모델 체크포인트 저장 및 로드

Flower는 서버 측에서 모델 업데이트를 자동으로 저장하지 않습니다. 이 사용법 가이드에서는 Flower에서 모델 체크포인트를 저장(및 로드)하는 단계에 대해 설명합니다.

모델 체크포인트

Model updates can be persisted on the server-side by customizing Strategy methods. Implementing custom strategies is always an option, but for many cases it may be more convenient to simply customize an existing strategy. The following code example defines a new SaveModelStrategy which customized the existing built-in FedAvg strategy. In particular, it customizes aggregate_fit by calling aggregate_fit in the base class (FedAvg). It then continues to save returned (aggregated) weights before it returns those aggregated weights to the caller (i.e., the server):

class SaveModelStrategy(fl.server.strategy.FedAvg):
    def aggregate_fit(
        self,
        server_round: int,
        results: List[Tuple[fl.server.client_proxy.ClientProxy, fl.common.FitRes]],
        failures: List[Union[Tuple[ClientProxy, FitRes], BaseException]],
    ) -> Tuple[Optional[Parameters], Dict[str, Scalar]]:

        # Call aggregate_fit from base class (FedAvg) to aggregate parameters and metrics
        aggregated_parameters, aggregated_metrics = super().aggregate_fit(
            server_round, results, failures
        )

        if aggregated_parameters is not None:
            # Convert `Parameters` to `List[np.ndarray]`
            aggregated_ndarrays: List[np.ndarray] = fl.common.parameters_to_ndarrays(
                aggregated_parameters
            )

            # Save aggregated_ndarrays
            print(f"Saving round {server_round} aggregated_ndarrays...")
            np.savez(f"round-{server_round}-weights.npz", *aggregated_ndarrays)
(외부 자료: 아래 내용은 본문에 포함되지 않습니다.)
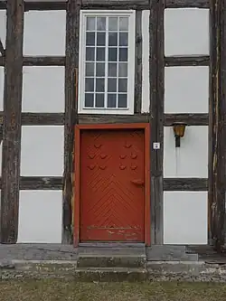 Das steile Dach ist mit handgestrichenen Biberschwanzziegeln eingedeckt. Anders als üblich steht der freistehende Kirchturm nicht im Westen, sondern im Südosten des Gebäudes. Er ist verbrettert und trägt ein überstehendes Pyramidendach, auf dessen Kupferspitze die Wetterfahne mit der Jahreszahl 1732 zu sehen ist.
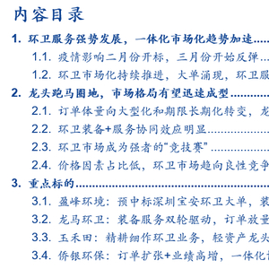 ■我们在2月16日发布的环卫深度《环卫扩张有力,刚需属性再迎良机》里已明确阐述,环卫服务作为居民生活刚性需求,市场空间未来会随着居民生活水平提高而不断扩容,环卫一体化趋势明显,综合性更强。即使经历了疫情的影响,环卫市场后续扩张仍值得重点关注。

        return aggregated_parameters, aggregated_metrics


# Create strategy and run server
strategy = SaveModelStrategy(
    # (same arguments as FedAvg here)
)
fl.server.start_server(strategy=strategy)

파이토치 체크포인트 저장 및 로드

이전 예제와 비슷하지만 몇 가지 단계가 추가되어 torch.save 함수를 사용하여 파이토치 체크포인트를 저장하는 방법을 보여드리겠습니다. 먼저, aggregate_fit``은 ``Parameters 객체를 반환하는데, 이 객체는 NumPy ndarray``의 목록으로 변환되어야 하며, ``OrderedDict 클래스 구조에 따라 파이토치 ``state_dict``로 변환됩니다.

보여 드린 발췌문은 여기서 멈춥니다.